La première photographie apparaît plus proche du tableau réel, avec une Vénus, plongeuse (!), cheveux au vent, mouvement du bras droit et expression conformes, torse habillé d’une chemisette aux manches bouffantes rayées de sangles d’un sac à dos…Fiesole, sur les hauteurs au nord de Florence, dans une ruelle fort montante, composition en triangle entre le tableau et les rectangles du sol, le regard est dirigé par les rampes et leurs boules terminales, les cheveux semblent de prolonger à droite vers l’ombre très sombre de feuillages sur le mur. street art : Blub est un artiste florentin (cliquer sur lien).

Dessins rapides mais précis au dessus d’affiches lacérées et bordée d’une gouttière barbouillée. Carambolage charismatique d’éléments modernes et de symboles historiques et culturels.

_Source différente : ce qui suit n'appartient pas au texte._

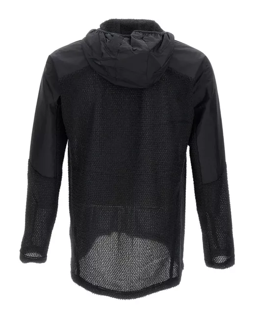 black fleece inserts zip pocket hooded neckline front zip closure logo
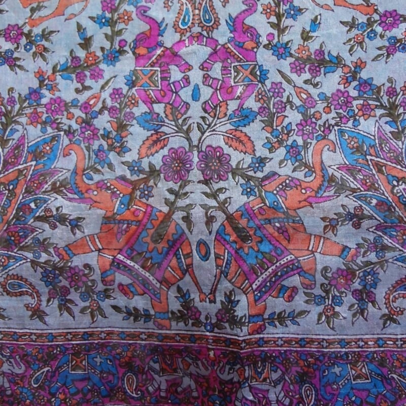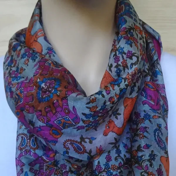 Zijden sjaal met kleurige print, vederlicht geweven. Is zacht, soepel en draagt comfortabel.

La grande force de la photographie réside dans son aptitude à faire surgir une poésie du détail au cœur du désordre qui nous entoure. « Cathy Rémy » (cliquer)

VéNUS, première à éclairer la nuit, comme le chante Bashung dans cette superbe chanson à écouter, ré-entendre pour en savourer la lourde poésie … tout comme Le tableau de Botticelli que les yeux ont du mal à quitter sauf pour se plonger devant le Printemps (cliquer), tout proche dans le musée. Ces deux tableaux valent à eux seuls le déplacement à Firenze.

Rimbaud?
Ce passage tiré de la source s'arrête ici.